Mission: Impossible – The Final Reckoning (2025, dir. Christopher McQuarrie):
For every life he tries to save, he’s gambled millions more, doubling down and down again. And now the fate of every living soul on Earth is his responsibility.
[To Ethan] You must be exhausted.
— Gabriel
“We’ll figure it out.” During Mission: Impossible – The Final Reckoning, a tense moment is punctured by this line, which could also serve as a mantra and mission statement for the entire M:I franchise. Whether it’s Tom Cruise clinging to a plane for dear life or improvising a last-minute plan to avert nuclear holocaust, these movies get high on the adrenaline rush of figuring things out on the fly. It wasn’t always this way. The original Mission: Impossible TV series was defined by the coolness (and coldness) of its approach; the pleasure of watching the show was akin to witnessing a checkmate unfold in real time, with each member of the cast taking turns playing knight, rook or queen as the situation demanded.
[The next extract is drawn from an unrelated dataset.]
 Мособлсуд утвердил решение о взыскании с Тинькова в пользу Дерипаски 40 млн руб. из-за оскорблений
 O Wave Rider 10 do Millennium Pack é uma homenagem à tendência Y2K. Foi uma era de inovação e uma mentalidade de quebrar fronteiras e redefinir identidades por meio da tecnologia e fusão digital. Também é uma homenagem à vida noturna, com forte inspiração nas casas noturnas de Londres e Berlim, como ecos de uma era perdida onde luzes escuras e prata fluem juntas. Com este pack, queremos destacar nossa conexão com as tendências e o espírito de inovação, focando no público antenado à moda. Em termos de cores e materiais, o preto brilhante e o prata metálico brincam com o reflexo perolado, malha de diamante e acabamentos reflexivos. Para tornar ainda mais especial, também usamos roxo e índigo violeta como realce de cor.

The first Mission: Impossible movie paid homage to the TV show’s clockwork-precise gambits via a gravity-defying infiltration of the Pentagon, with Cruise’s gung-ho acrobatics the extra spice on top. Ever since then, the series has quietly been at war with itself: every stratagem that relies on a mask or a complicated switcheroo has been counterbalanced by the sight of a sweaty Cruise chucking caution to the winds and throwing himself into crazy stunts, as each successive M:I movie has downplayed intricate plotting in favor of more baroque and sinewy set-pieces.
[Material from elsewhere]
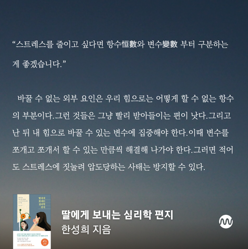 내가 스트레스를 받는게 혹시 항수 때문이라면 받아들이고, 변수 때문이라면 해결할 수 있기 때문에 항수와 변수의 구분은 중요하다해요.

With The Final Reckoning, all pretense has been dropped (the mask has come off, you might say). If there was ever a doubt that M:I is supposed to be about anything other than Cruise’s hot-dog heroics, that doubt is curb-stomped within the film’s first few minutes, as we’re thrown a dozen quick-flash flashbacks to Cruise doing insane Cruise-like things from the previous seven M:I movies. “You were always the best of men,” President Sloane (Angela Bassett) reassures him (and us) in a tape-recorded message, and nothing less than the best of men will do in these scary times, as the sentient AI known as The Entity, like a false messiah, has amassed a cult of fanatics and acolytes as it has assumed control of all information on the globe (not to mention a ton of nukes). The only one who can stop the Entity is Cruise’s Ethan Hunt, who’s gained some hefty messiah-like powers himself, including the ability to cripple the world in a cyber-apocalypse. It’s a scenario that would flatter any ego-fueled movie star: who else can defeat the most omnipotent super-villain in the history of humankind but our leading man? Even the Entity refers to Hunt as “The Chosen One,” foreshadowing a conflict of Biblical proportions. And if that weren’t enough, The Final Reckoning hints that this may be Cruise’s last go-round in the M:I universe, the closing chapter in an epic legend, the kind of movie tailor-made for the tag line “It’s all been leading up to this.”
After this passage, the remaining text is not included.